Essa conjuntura deve ser alterada em breve, ocasionando a possível
mudança desse cenário, tendo em vista o crescimento de pessoas que
iniciarão terapias de segunda linha, além da entrada de competidores no
mercado. Outra necessidade apontada é a necessária redução de preço dos
medicamentos abacavir e tenofovir, cada vez mais utilizados na primeira linha
de tratamentos para o HIV/AIDS, como recomendado pela OMS.
Os genéricos apresentaram uma curva descendente similar entre
países menos desenvolvidos e em desenvolvimento. No entanto, para
medicamentos de referência a curva se apresentou mais acentuada entre
países em desenvolvimento.
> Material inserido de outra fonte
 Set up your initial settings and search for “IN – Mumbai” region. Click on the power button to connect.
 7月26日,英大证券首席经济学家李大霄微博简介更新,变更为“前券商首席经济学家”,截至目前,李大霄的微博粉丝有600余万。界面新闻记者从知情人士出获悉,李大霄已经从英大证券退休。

Há variações de preços entre países de até
60%. Pareceu muito importante compreender as razões que justificam
variações tão grandes entre países, para a aquisição do mesmo ARV.
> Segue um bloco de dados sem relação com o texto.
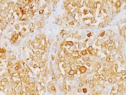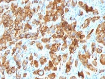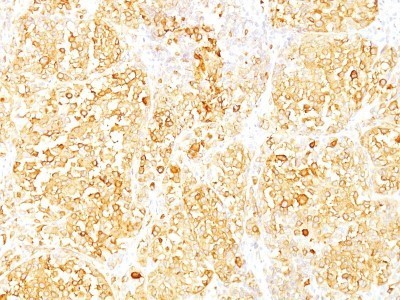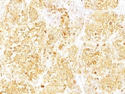 - Immunohistochemistry-Paraffin: Melan-A/MART-1 Antibody (SPM540) - Azide and BSA Free [NBP2-34786] - Formalin-paraffin human melanoma stained with Melan-A MAb (SPM540). Note cytoplasmic staining of cells.
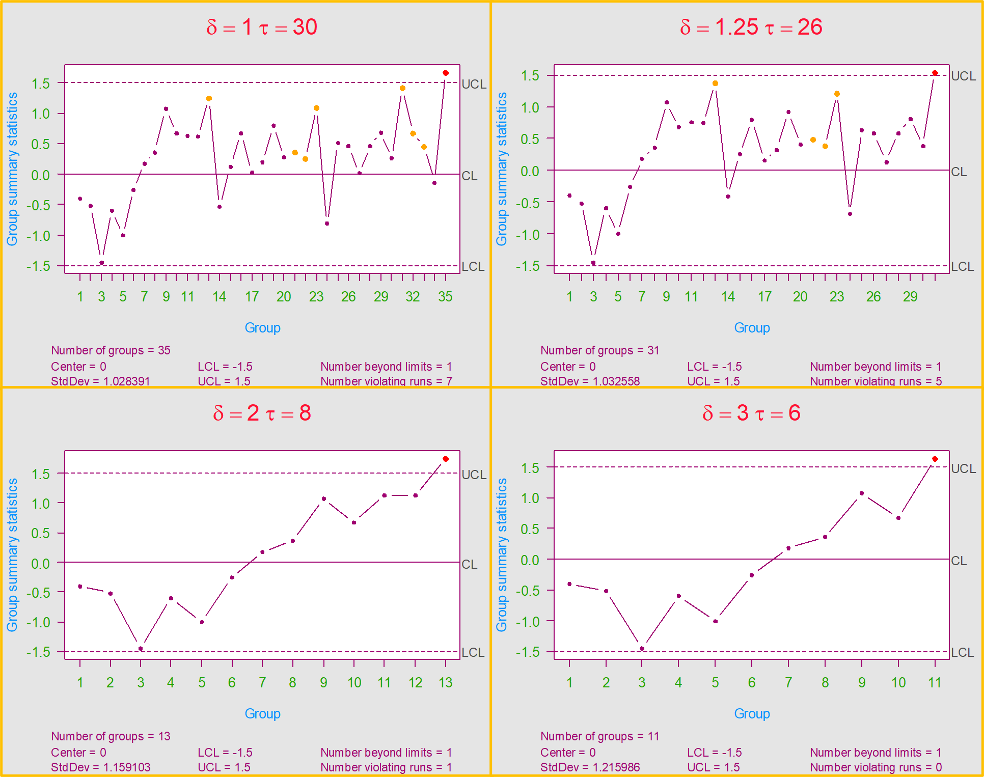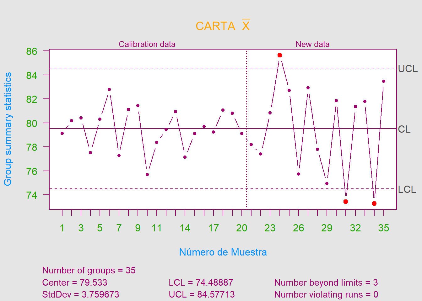 set.seed(963852)NumSample <-10; TamSample <-4mu0 <-0; sigma <-1; A <-3/sqrt(TamSample)Muestras <-matrix(data =rnorm(NumSample*TamSample, mu0, sigma), nrow = NumSample, ncol = TamSample)delta <-3.0# Luego con 1.25,2.0,2.5 y 3.0mu1 <- mu0 + delta*(sigma/sqrt(TamSample))CartaXbar <-qcc( Muestras, type ="xbar", center = mu0,limits =c(mu0-A*sigma,mu0+A*sigma), plot =FALSE)Prueba <-sum(CartaXbar$violations$beyond.limits)while (Prueba==0) { x <-rnorm(n = TamSample, mean = mu1, sd =1) Muestras <-rbind(Muestras, x)rownames(Muestras) <-1:nrow(Muestras) CartaXbar <-qcc( Muestras, type ="xbar", center = mu0,limits =c(mu0-A*sigma,mu0+A*sigma), plot =FALSE ) Prueba <-sum(CartaXbar$violations$beyond.limits)}New_CartaXbar <-qcc( Muestras, type ="xbar", center = mu0,limits =c(mu0-A*sigma,mu0+A*sigma), plot =FALSE)T <- New_CartaXbar$violations$beyond.limitsEstimador <-NULLfor (i in0:(T-1)) {if (i==T-1) { xbarbar <-mean(Muestras[1:(T-i), ]) }else { xbarbar <-mean(rowMeans(Muestras[1:(T-i), ])) } Estimador[i] <- (T-i)*((xbarbar-mu0)^2)}Estimador_tau <-c(1:(T-1))[Estimador==max(Estimador)]c("Delta"= delta, "Estimador_tau"= Estimador_tau)
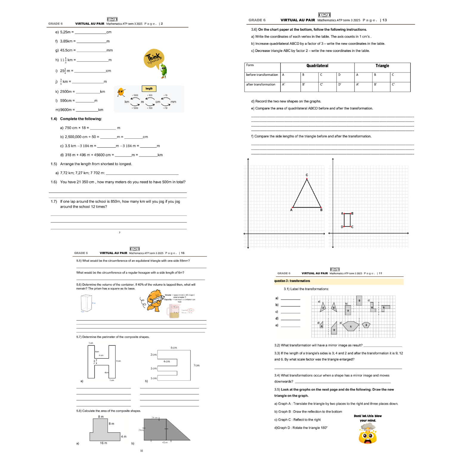 Grade 6 Maths term 3 ATP : shapes, symmetry, transformations, area, perimeter, volume PDF booklet with an answer sheet. Very well put together assessment prep booklet – also made fun to keep the learner engaged – no more boring Math worksheets. Combination of simple as well as exam style questions.
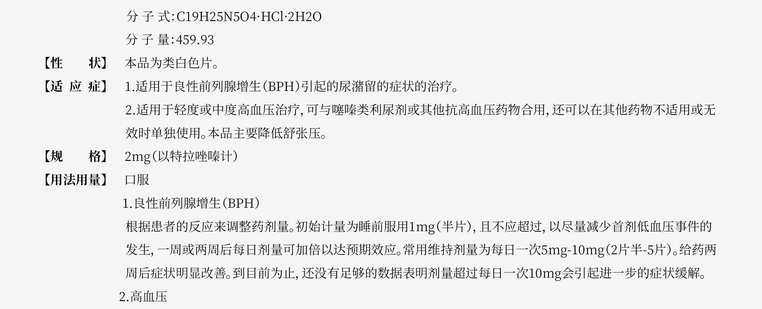 【成 份】 主要成分:盐酸特拉唑嗪。详情见以下说明书。

Novamente os autores dão pistas de porque as variações acontecem, no
entanto sem pretender dar respostas às questões. Nesse caso alguns
elementos surgem: proteção patentária nso países, estruturas administrativas
inadequadas, falta de informação de preços justos de mercado, dificuldades
em estimar a demanda, tempo insuficiente entre o pedido e o recebimento de
ARVs, atrasos no pagamento a fornecedores, impostos nacionais, aumento
do preço dos intermediários farmacêuticos e barreiras à entrada dos
produtos, das formas mais variadas.
As limitações à investigação foram de diversas ordens, a principal foi a
seleção da amostra. A OMS captura cerca de 50% das aquisições globais de
ARVs feitas com fundos de doadores, por isso não se pode estimar como a
sub-notificação das aquisições podem interferir no resultado. Segundo, os
preços médios de ARVs não incluíram o impacto de custos adicionais, tais
como taxas de envio, seguros, impostos, etc (estima-se que esses custos
adicionais não são menos que 15%). Terceiro, os dados analisados são de
fonte secundária, portanto não há garantias da qualidade dos dados
primários (aquisições relatadas), há inclusive uma suspeita de que alguns
preços foram informados de forma equivocada. Por isso os preços mais altos
e baixos foram descartados da amostra, tendo em vista que poderiam ser os
mais potencialmente equivocados.
Houve ainda a confirmação de diversos trabalhos anteriores na
constatação de que ARVs genéricos são mais baratos que os de referência,
com exceção de alguns PIs que formam a base do tratamento de segunda
linha. Na medida em que as pessoas migrem para terapias de segunda linha
contendo PIs e regimes de primeira linha incluam tenofovir e abacavir, é
imperativo estimular os fabricantes genéricos a produzirem versões mais
acessíveis desses medicamentos. Entre esses estímulos foram citados
licenças compulsórias, importações paralelas de medicamentos e a criação
do Pool de Patentes para esses ARVs.
Um dos pontos mais destacados desse artigo é a importância da
publicidade e transparência nos dados de aquisições de ARVs. Essas
informações, juntamente com dados sobre políticas de preço e qualidade de
medicamentos podem ter um impacto positivo na ampliação do acesso a
ARVs. Os autores encorajam ONGs, governos, doadores e outros atores a
encontrar um consenso normativo e estimular a criação de divulgações
obrigatórias sobre aquisições de ARVs no mundo. Tais informações podem
ser vitais para subsidiar decisões de compra e mitigar a assimetria de
informações entre compradores. Os autores ainda sugerem que os dados
devem ser apresentados de forma facilitada, incorporando ainda dados
referentes a situação patentária, situação de registro sanitário, custos
adicionais, entre outras informações relevantes.Essa ampla transparência e
facilidade no acesso a dados podem colocar por terra velhas hipóteses, não
testadas, que até hoje guiam decisões de programas e políticas.